Si t’es pas déguisé, t’es enfariné
« Si t’es pas déguisé, t’es enfariné » Remarquez, malgré votre déguisement, comme quasi tous les carnavaliers, vous serez enfarinés… Carnaval militant, populaire, il s’impose à la ville : il revendique la libre circulation. Aucune autorisation n’est demandée. Aucune subvention n’est recherchée. Le Carnaval se prépare toute l’année et dès le vendredi soir, ça chante dans les cafés. Le samedi, à mesure que le soir tombe, on se regroupe dans les rues, sur les places autour de la musique. A la nuit tombée, ici une chorale, là un concert et partout, les farandoles. Les soumonces ouvrent à la rencontre entre les chants politiques, syndicalistes, traditionnels mais aussi d’un morceau de Michael Jackson revisité par des cuivres.

 

Et le dimanche, jour du défilé, du haut de la rue d’Aubagne, on ne voit qu’une foule continue. Je n’ai jamais vu autant de monde, t’as vu! ils sont quatre mille au moins. T’es belle, avec ta cagoule, je peux te photographier ? me demande une bagnarde.

 

Le Caramantran (pour le Carème-entrant) ouvre le cortège et à sa suite, les chorales :

Touchez pas à la Plaine touchez pas
et levez vos sales pattes de là
bulldozers architectes de mafia
ce quartier ne vous regarde pas
touchez pas à la Plaine touchez pas
elle est à tous et à tous restera
si elle change ne vous en faîtes pas
c’est le peuple qui la transformera 1

 

 

Le Caramantran est un char-personnage porté par une quinzaine de personnes à la face énorme de papier mâché peint. En 2013, quelques heures avant le défilé, la police l’a enlevé car il représentait le président Nicolas Sarkozy. L’an passé et cette année, le comité lui a donné l’identité de la SOLEAM, la société qui pilote la rénovation des quartiers centraux de Marseille et qui souhaite, depuis plusieurs années, « requalifier » la place centrale de la Plaine - la Place Jean Jaurès. A quelques mètres s’étend le Cours Julien et sa magnifique vue sur Marseille. Un marché des créateurs y tente le touriste tandis qu’à quelques mètres, les vitrines des bars associatifs et militants dénoncent la gentrification du quartier.

 

A sa suite, un autre « char » avance. C’est un mille-pattes manipulé par des personnes sans-papiers et leurs soutiens. A leur suite, les carnavaliers défilent en bande de potes ou en famille, qui s’insèrent-ci et là derrière une fanfare, une batuquaria, une farandole avec ses tammora, un genre de tambourin, qui jouent la transe.

 

Deux garçonnets de cinq ou six ans, déguisés en punk-mangaka-superhéros, raclent le sol de la farine mêlée à la poussière de la ville et balancent le tout sur la foule. Un type s’est juché sur un conteneur à poubelle, jongle, poussé par une vingtaine de personnes, puis retenu par les mêmes, à mesure que la pente de la rue d’Aubagne s’accentue. Une fille s’est glissée dans un matelas abandonné là quelques jours plus tôt, improvisant son déguisement en passant sa tête par un trou de l’étoffe usée.
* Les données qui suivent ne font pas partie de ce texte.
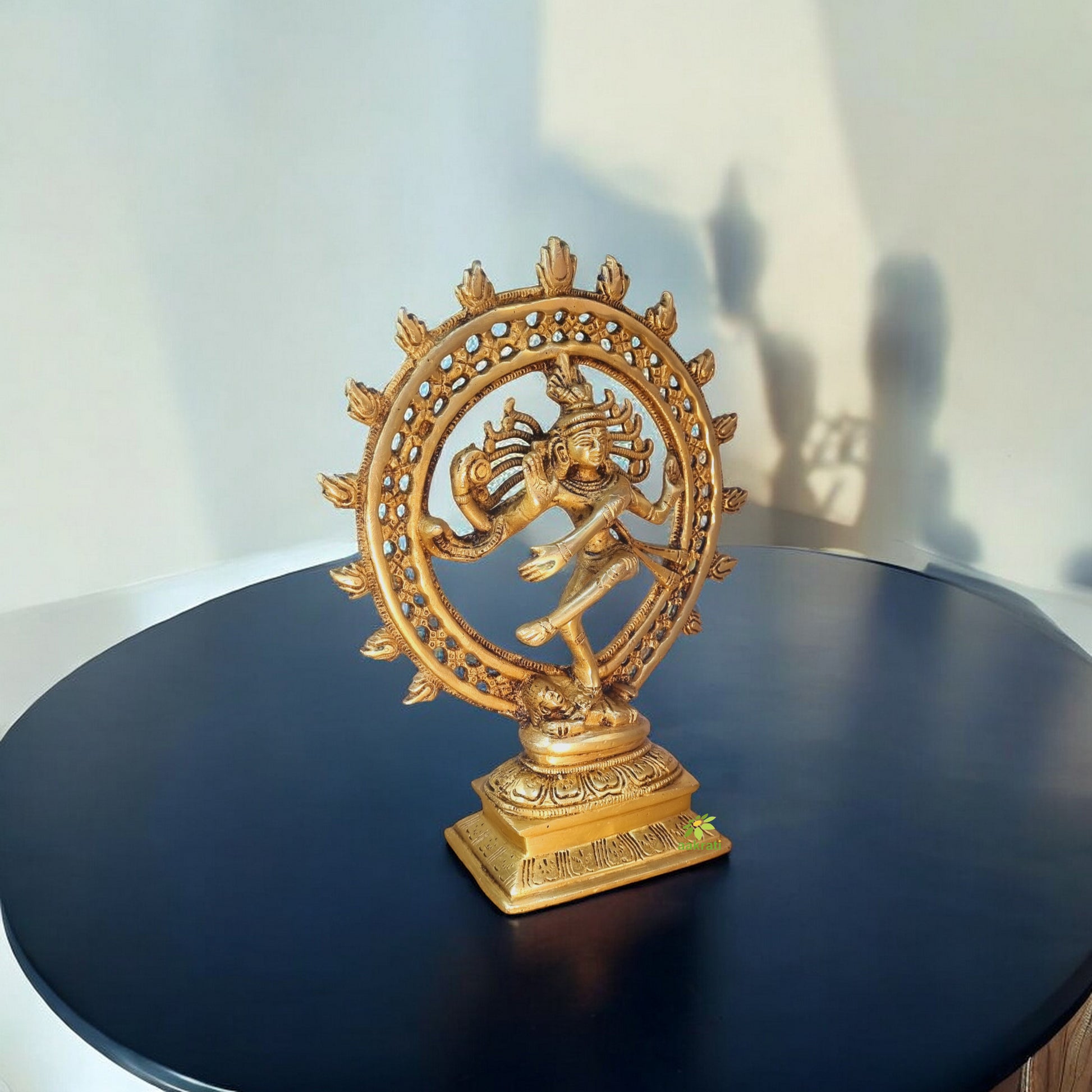 Traditional Brass Nataraj Statue | Perfect for Pujas & Home Decor | Divine Brass Nataraj Showpiece ( Yellow, 9.5 inch)

Le cortège descendra jusqu’à quelques mètres de la Canebière et remontera vers la Plaine, où sur les coups de 19h, le Caramantran sera jeté au bûcher après un procès très suivi. La musique reprend et la danse continuera jusqu’au milieu de la nuit. Dans les cafés de la place, la danse continue aussi. Puis toutes et tous se figent à 21h pile face aux écrans géants des bars : ce dimanche, l’OM joue le trio de tête du championnat. Certains avancent que la police, qui vient régulièrement perturber la fin de la fête, est occupée à gérer les alentours du stade Vélodrome. La première mi-temps est honorable. La seconde catastrophique pour Marseille. Les masques le nez sur l’écran insultent les joueurs. Une femme pleure. Le silence revient. La fête est finie.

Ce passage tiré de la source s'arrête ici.